He supposed it’s because most everyone else is with their families for Christmas. Not Dazai, though; he’d left his at the office, and now only one remains. You, at his side, hurrying alongside his brisk pace.
The snowfall has all but stopped; stray flakes drift down occasionally, catching in a hair or an eyelash, but for the most part the air is cold and quiet and dark. Stars glint out from between gaps in the skyscrapers.
Dazai casts you a discreet look from his peripheral vision; your face is half-buried in your scarf, hands in your pockets, bag slung hastily over one shoulder. It genuinely took him off-guard when you agreed to meet him after work; if you’d told him four years ago that a coworker would happily follow him into the dark streets of Tokyo without a second thought, he’d have laughed in your face and probably crushed your knee for wasting his time.
But there you are.
You trust him. It still makes his stomach seem heavy, sometimes, that realisation.
But you hardly even stop to ask where you’re going. You just… follow his coattails, all the way down to the river. He stares out at its glimmering surface, inhaling lungfuls of salty air, listening to the gentle rush of it flooding past.
“This is where I met Atsushi, did you know?” He breaks the quiet after a moment. “He stood right here, where you and I are. I had jumped from the bank a little further up in an attempt to drown myself.”
You quirk an eyebrow. “Did it work?”
He snorts. “Young Atsushi is a real hero, isn’t he? He’d been starving for days, homeless and weak, but he still jumped straight in to save my life.”

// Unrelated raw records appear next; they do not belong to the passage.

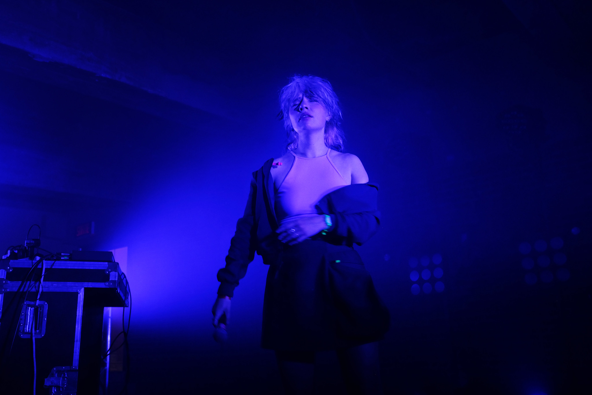 While that was stunning in its own right, Kate NV's set more or less stole the show on Thursday. If you listened to her Album Of The Week honoree WOW back in February, you already partially know the deal: the Russian artist's music is playful and eccentric without devolving into quirky nonsense. But onstage, she structures things differently. For much of the early portions of the set, Kate NV leaned on more restrained, fragmented material — pinging notes and clattering glass beats, music structure almost abstracted into pieces that refused to congeal. Someone described it to me as a sound that felt like it was "connecting your brain cells," which was apt; you could almost feel the squiggly lines being drawn between erratic jumps in the music.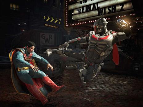 בתור שחקן מכות קז'ואלי, לא ראיתי הבדל גדול בין המשחק לבין דומיו כמו טקן. לפחות לא בבסיס של המשחקיות. עדיין כל כפתור מפעיל גף אחר (יד ימין, יד שמאל וכן הלאה), שילוב של כפתור בסיס זה עם החצים או בקומבו מסוים, ייתן מכה שונה מהמכות הבסיסיות. וכן, כמו בכל המשחקי מכות שנתקלתי בהם, גם המשחקיות של Injustice היא Easy to learn, Hard to master. אבל, יש שינוי קטן בצורת המכות המיוחדות. למעשה, לכל דמות יש יכולת מיוחדת שאפשר להפעיל בלחיצת כפתור פשוטה. המכה הזו לא הכי חזקה, אבל זו תוספת נחמדה לארסנל המכות. בנוסף, אחרי זמן מסוים, אתם תקבלו מעין Power attack, בדומה לטקן 7. את המכה הזאת קצת קשה לחסום והיא בקלות יכולה לשנות את הקרב ב-180 מעלות.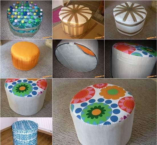 Pet şişeleri atmayın.Yeterli sayıda pet şişeyi biriktirdiğinizde tabure yapmaya başlayabilirsiniz.

“You’re a real hero too, Dazai,” you say quietly, and he feels his stomach drop. When he whips his head around to look at you, you’re avoiding his eyes, embarrassed. “You saved my life.”
He… supposes that’s true. On multiple counts, actually. But still…
A hero. Someone flashes before his eyes. A taller man, with dark red hair and tired eyes. He swallows and it tastes like years-old whiskey and ice.
What a sick joke. But he supposes you can’t know any better.
He clears his throat and brings out the small box you’d gifted him from his pocket, holds it up to the moonlight. It’s small, and considerably light. He’d left it unopened on his desk all day, the temptation like an itch he couldn’t scratch. His very own Pandora’s box. Though he’s sure if he opens it, he won’t find death and famine and war and all things awful.
Only you.
You eye him curiously. “What haven’t you opened it yet?”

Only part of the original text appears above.